START SOURCE DATA

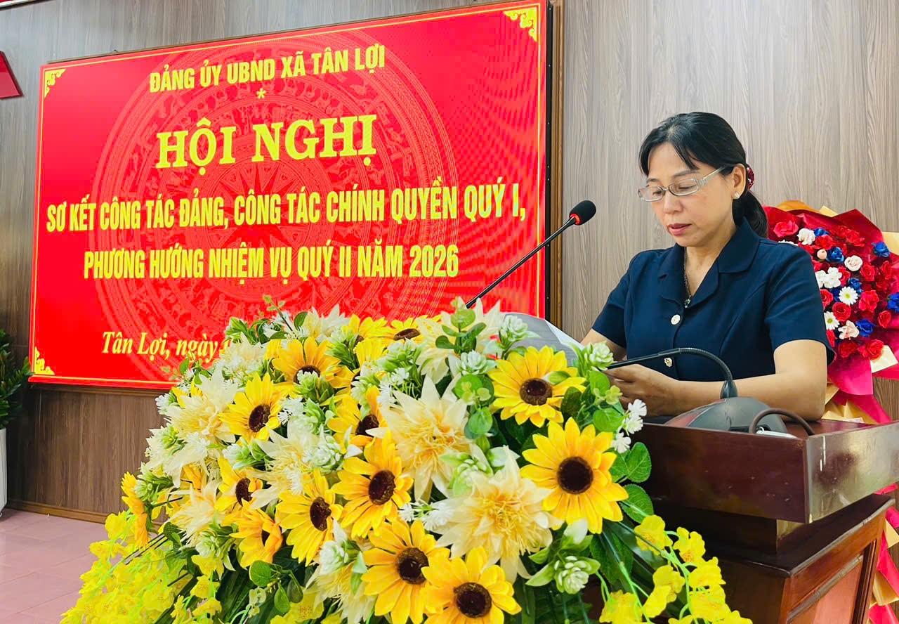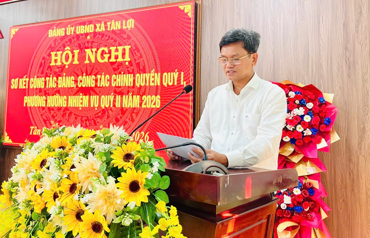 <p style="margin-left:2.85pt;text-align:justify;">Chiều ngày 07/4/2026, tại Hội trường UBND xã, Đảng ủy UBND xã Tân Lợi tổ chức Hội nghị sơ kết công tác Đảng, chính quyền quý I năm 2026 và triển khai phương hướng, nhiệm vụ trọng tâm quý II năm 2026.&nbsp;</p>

END SOURCE DATA
START SOURCE DATA

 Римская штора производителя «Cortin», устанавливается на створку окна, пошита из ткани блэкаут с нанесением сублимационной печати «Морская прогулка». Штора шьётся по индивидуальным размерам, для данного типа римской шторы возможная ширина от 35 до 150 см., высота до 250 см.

END SOURCE DATA
START SOURCE DATA

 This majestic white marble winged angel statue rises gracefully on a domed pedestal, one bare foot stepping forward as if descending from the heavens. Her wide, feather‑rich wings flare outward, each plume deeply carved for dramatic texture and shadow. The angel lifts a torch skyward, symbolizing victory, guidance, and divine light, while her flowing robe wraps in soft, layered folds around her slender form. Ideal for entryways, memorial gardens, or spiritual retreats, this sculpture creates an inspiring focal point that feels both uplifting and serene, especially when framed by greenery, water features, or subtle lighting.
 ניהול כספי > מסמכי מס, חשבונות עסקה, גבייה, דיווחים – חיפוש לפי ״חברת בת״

END SOURCE DATA

**PROBLEM DESCRIPTION:**
Take the records above and return, word for word, only the lines that fall from the line with "This majestic white" to the line with "ניהול כספי >", both of them included.

**RESPONSE BELOW:**
 This majestic white marble winged angel statue rises gracefully on a domed pedestal, one bare foot stepping forward as if descending from the heavens. Her wide, feather‑rich wings flare outward, each plume deeply carved for dramatic texture and shadow. The angel lifts a torch skyward, symbolizing victory, guidance, and divine light, while her flowing robe wraps in soft, layered folds around her slender form. Ideal for entryways, memorial gardens, or spiritual retreats, this sculpture creates an inspiring focal point that feels both uplifting and serene, especially when framed by greenery, water features, or subtle lighting.
 ניהול כספי > מסמכי מס, חשבונות עסקה, גבייה, דיווחים – חיפוש לפי ״חברת בת״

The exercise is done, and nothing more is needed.